> **Your objective**
Starting at the line that contains "- الترجمة العلمية" and stopping at the line that contains "Hebei Haihao GroupHHT0CT17380-2001(MC03419-81)M", transcribe every line of the material below exactly; pictures stay out.

======== Supplied records

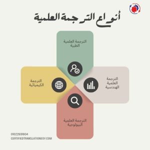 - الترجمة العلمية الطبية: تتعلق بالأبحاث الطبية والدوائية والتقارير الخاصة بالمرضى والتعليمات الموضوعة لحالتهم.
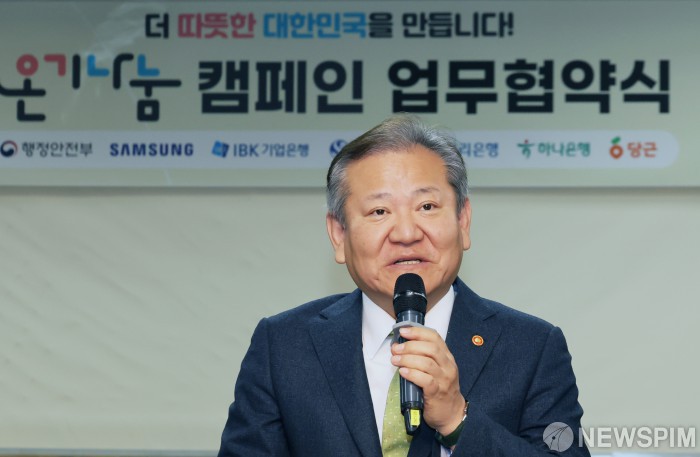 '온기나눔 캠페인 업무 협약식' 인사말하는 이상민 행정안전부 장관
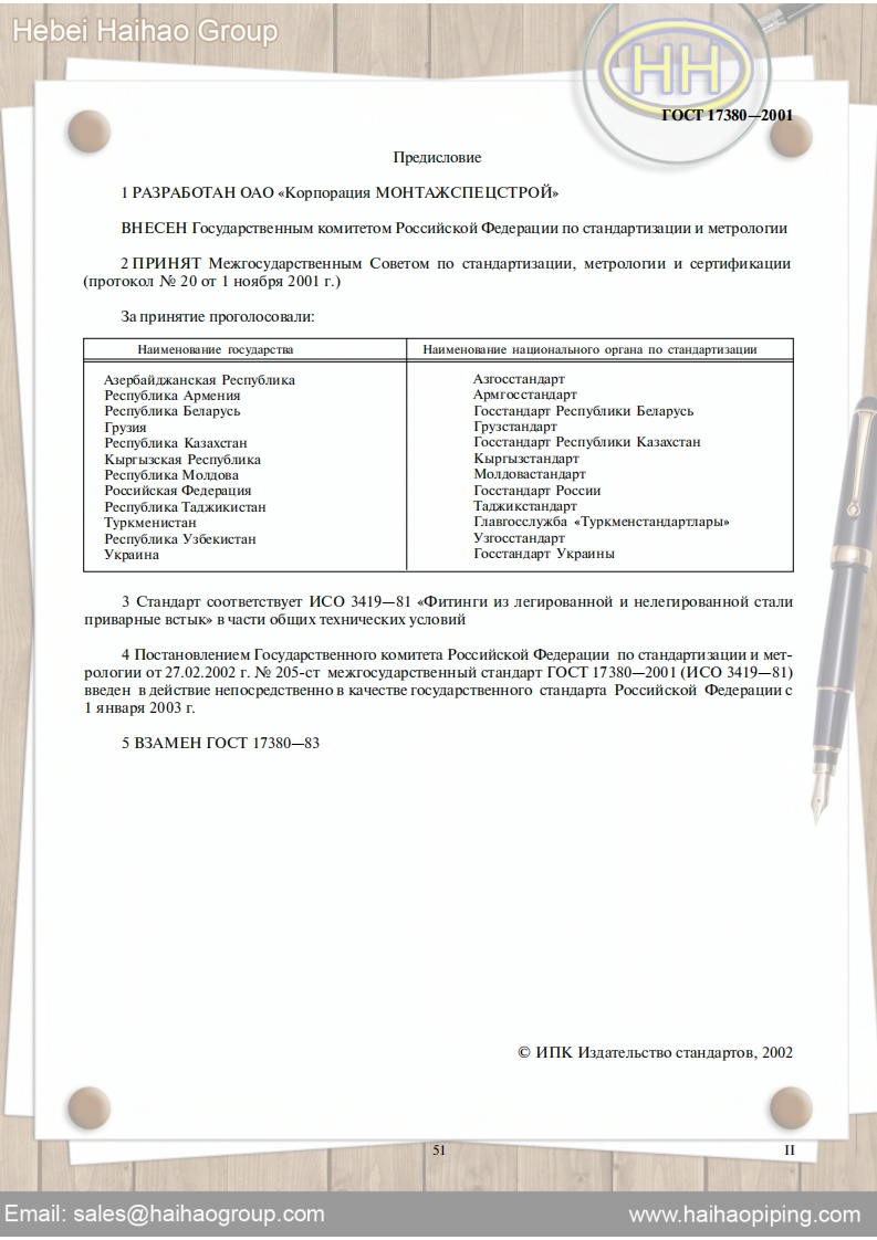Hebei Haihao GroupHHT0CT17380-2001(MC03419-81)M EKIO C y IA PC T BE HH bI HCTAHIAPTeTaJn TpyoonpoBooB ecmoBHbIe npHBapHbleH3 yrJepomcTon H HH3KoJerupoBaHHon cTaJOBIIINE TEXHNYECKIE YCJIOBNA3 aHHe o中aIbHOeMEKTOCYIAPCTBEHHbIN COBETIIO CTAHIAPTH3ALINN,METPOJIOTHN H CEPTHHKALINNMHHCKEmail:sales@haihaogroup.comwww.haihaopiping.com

================
======== Supplied records

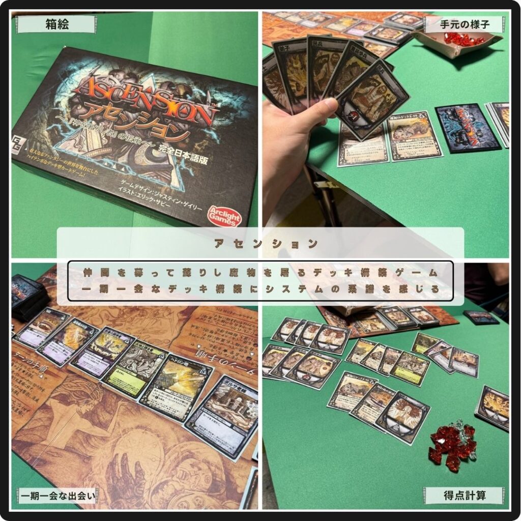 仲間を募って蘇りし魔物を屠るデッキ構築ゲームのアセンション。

================

> **Result for this exercise**
 - الترجمة العلمية الطبية: تتعلق بالأبحاث الطبية والدوائية والتقارير الخاصة بالمرضى والتعليمات الموضوعة لحالتهم.
 '온기나눔 캠페인 업무 협약식' 인사말하는 이상민 행정안전부 장관
Hebei Haihao GroupHHT0CT17380-2001(MC03419-81)M EKIO C y IA PC T BE HH bI HCTAHIAPTeTaJn TpyoonpoBooB ecmoBHbIe npHBapHbleH3 yrJepomcTon H HH3KoJerupoBaHHon cTaJOBIIINE TEXHNYECKIE YCJIOBNA3 aHHe o中aIbHOeMEKTOCYIAPCTBEHHbIN COBETIIO CTAHIAPTH3ALINN,METPOJIOTHN H CEPTHHKALINNMHHCKEmail:sales@haihaogroup.comwww.haihaopiping.com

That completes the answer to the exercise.